For the next four years, Mr. Willing called Claudette Colvin occasionally on my behalf. Always the message relayed back to me was “Maybe when I retire.” I had all but given up when, one night in the fall of 2006, I saw the red light blinking on my answering machine. It was Richard Willing. His message was brief: “Claudette says I can give you her phone number,” he said. “Here it is. Good luck.”
Soon after that night, I rang the bell of Claudette Colvin’s apartment in a New York high-rise apartment building. The door was pulled open by a caramel-colored woman who greeted me with a shy smile as she inspected me closely through wide-framed glasses. She had a nest of curls on top of her head. We walked—she with the aid of a cane—to a restaurant that had a quiet room where we could talk over a meal. She laughed easily and spoke in a tuneful voice that still had plenty of Montgomery in it but had also taken on a Caribbean lilt, since some of her New York neighbors were Jamaicans. We decided to work together.
During the following year Claudette shared the personal history of a dramatic social revolution. Having played a central role in events that helped destroy the legal basis for racial segregation in the United States, she still remembered not only what happened but how it felt. She could still describe the inside of her cell, the sound of a jailer’s key, and the view from a witness box in a packed federal courtroom. She could also remember the rage she felt when the adults in her life complained at home about segregation but accepted it outside.
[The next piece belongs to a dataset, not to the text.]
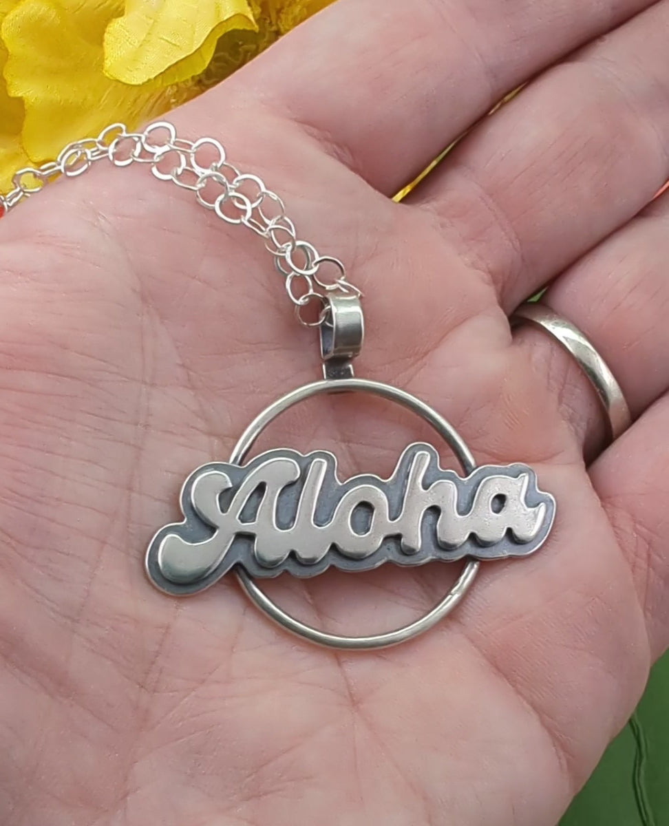 Alooooooha!!! Aloha is the Hawaiian word for love, affection, peace, compassion and mercy, that is commonly used as a greeting. Why not carry that feeling with you whereever you go?! Well, now you can with this meticulously handmade Aloha necklace!

In fourteen long interviews during the next year—three in New York and the others by telephone—I asked Claudette thousands of questions. Only a very few times did she gesture for me to turn the tape recorder off, or say she would prefer to keep something to herself. She gave me the telephone numbers of friends and family members, and encouraged them to talk to me. She was wonderfully open and generous.
More than any other story I know, Claudette Colvin’s life story shows how history is made up of objective facts and personal truths, braided together. In her case, a girl raised in poverty by a strong, loving family twice risked her life to gain a measure of justice for her people. Hers is the story of a wise and brave woman who, when she was a smart, angry teenager in Jim Crow Alabama, made contributions to human rights far too important to be forgotten.